While that is still high, it is significantly less than the 611 homicides in March, 644 in February and 740 in January.
However, the total number of murders so far this year, 2,721, is still higher than the 2,188 registered for the same period last year.
That underlines El Salvador’s notoriety as the country with the most murders per capita in the world outside of a war zone.
El Salvador’s government in April started its crackdown in a bid to roll back that reputation and to challenge the perception that it had lost control of swathes of territory to the gangs.
BARRED
Ramirez acknowledged that “to maintain security and the positive results so far, we have to keep control over the penitentiaries,” where gang bosses are now barred from receiving visitors and cellphone signals are blocked.

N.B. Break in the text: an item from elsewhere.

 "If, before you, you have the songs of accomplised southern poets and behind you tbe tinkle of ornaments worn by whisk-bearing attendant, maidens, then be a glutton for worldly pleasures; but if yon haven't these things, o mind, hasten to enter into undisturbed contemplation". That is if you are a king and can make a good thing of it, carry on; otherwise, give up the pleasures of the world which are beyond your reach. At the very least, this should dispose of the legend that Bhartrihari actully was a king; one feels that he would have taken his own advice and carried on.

University professor and analyst Juan Ramon Medrano said that the first phase of the government’s plan to reduce the number of murders “is working.”
However, “the current success is going to depend on keeping up a sustainable tactical offense over the duration,” he said.

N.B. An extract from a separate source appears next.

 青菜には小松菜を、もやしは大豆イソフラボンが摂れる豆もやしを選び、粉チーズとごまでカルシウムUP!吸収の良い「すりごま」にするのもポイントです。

No let-up should be given in the efforts to bust the gangs’ leadership and to prevent them winning back turf from the authorities, he said.

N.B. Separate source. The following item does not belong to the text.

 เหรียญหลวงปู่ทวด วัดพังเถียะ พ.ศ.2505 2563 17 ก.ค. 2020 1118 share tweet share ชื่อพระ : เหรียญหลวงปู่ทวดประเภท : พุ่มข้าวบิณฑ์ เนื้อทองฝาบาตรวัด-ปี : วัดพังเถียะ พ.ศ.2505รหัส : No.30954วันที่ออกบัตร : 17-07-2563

Howard Cotto, the head of the national police force, also said that, beyond the operations by the security forces, “citizen participation in prevention tasks, such as tip-offs,” had an important role to play.
Part of the reason El Salvador has made progress this time against the gangs is that it has put thousands of soldiers onto its streets to back up the police.
The deployment helps to contain gang members, who are said to number about 70,000, of which about 13,000 are already behind bars.
The operations have resulted in the deaths of several gang members and the arrest of dozens on various charges.
ESCAPE
“What is happening is a remilitarization of public security,” analyst Roberto Canas said.
Under the urban operations and pressure of the joint army-police crackdown, the gangs “are changing” and in some cases are moving out to rural areas to escape the law enforcement heat, he said.
Jannet Aguilar, director of the Public Opinion Institute of the University of Central America, said the gangs “are being neutralized,” but were not disappearing from the communities they lived in.
“The gangs are in a time of falling back, but recent history has shown that they soon manage to get around the application of the law, to be able to develop the illegal economy they thrive on,” Aguilar said.
A recent study by El Salvador’s central bank estimated that the cost of the violence in the country to the state, households and businesses was US$4 billion, or 16 percent of GDP.
The government has allocated about half that amount over the next five years to finance its security plan, branded “Secure El Salvador.”
Late last month, lawmakers approved a government bond issue worth US$152 million that will go to giving pay hikes to the police, army and prisons on the frontline of the fight against the gangs.